Parts involved in addition and subtraction are usually unequal Parts. However for multiplication and division, the Parts must be equal.


Question 3

Mary reads the same number of pages of a book everyday. She reads 7 pages of the same book for 6 days. How many pages are there in the book?


In this question, you are given 6 Parts and asked to find the Whole. Your child may be guided to add (+) all the Parts to find the Whole which is possible but not sustainable. Hence, you may highlight that for this questions, all the Parts are equal and then introduce the multiplication operation (×).

You can guide your child in drawing the Part-Whole model with 6 identical Parts to form a Whole. They can add all the Parts and obtain the final answer. However, you may guide your child in applying the multiplication operation, 7 × 6 = 42.


With this pictorial diagram, your child can relate the relationship between addition and multiplication.

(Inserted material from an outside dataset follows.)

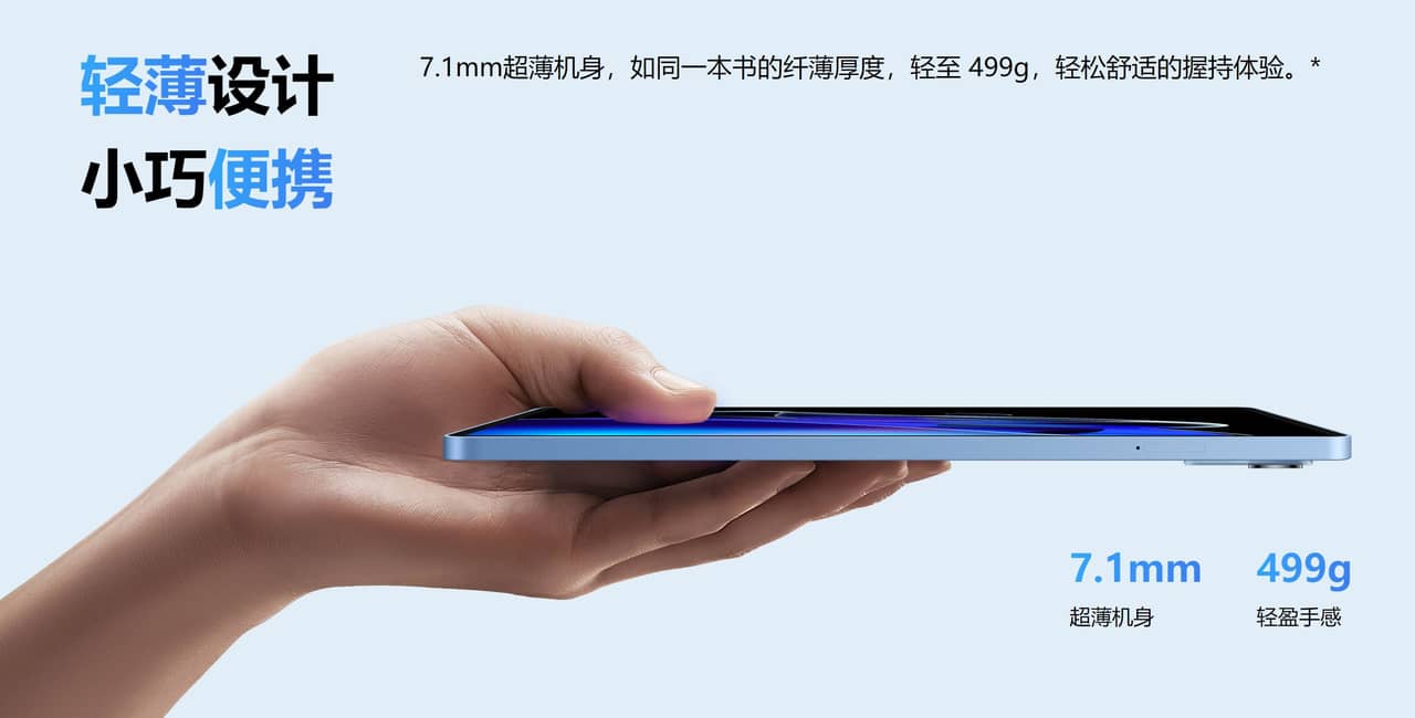 ▼タブレットながらスリムかつ軽量で、厚みは7.1mm、重さは499gとなっています!大画面なんだけどなかなか持ち運びもしやすそうでイイカンジだ!↓

You should also get your child to differentiate between the two operations.


Let's use back the same question to introduce the division operation.


Question 4

A book contains 42 pages. Mary reads the same number of pages each day. It took her 6 days to finish reading the book. How many pages does Mary read each day?

In this question, the Whole and number of equal Parts are given. Your child is supposed to find out the value of each equal Part. You can guide your child in drawing this pictorial model and introduce the division operation.


total number of pages ÷ number of days = number of pages read each day


42 ÷ 6 = 7


With this pictorial diagram, you can introduce the division operation to your child and get your child to understand when division can be used.


To further extend, you can get your child to attempt this question:


Question 5

A book contains 42 pages. Mary reads 6 pages each day. How many days did Mary take to finish reading the book?


This is to further extend the use of the division and get your child to understand the application of division operation.


This is an example of using Part-Whole Model for equal Parts

Taken from PSLE Prep Programme


While concluding this segment of the lesson, you may wish to get your child to think about what are some differences between the solutions of Question 1 and 2 compared to 3, 4 and 5. Guide your child in identifying that the equality of quantity is the determining factor so that your child can differentiate between the two and be able to draw models based on the word problem.


With such methods, you can kill two birds with a stone: learning and applying basic arithmetic operations in word problems and drawing the Part-Whole Model.


In the next articles, I will be sharing on how the Comparison Model can be used to learn and apply basic arithmetic operations in word problem.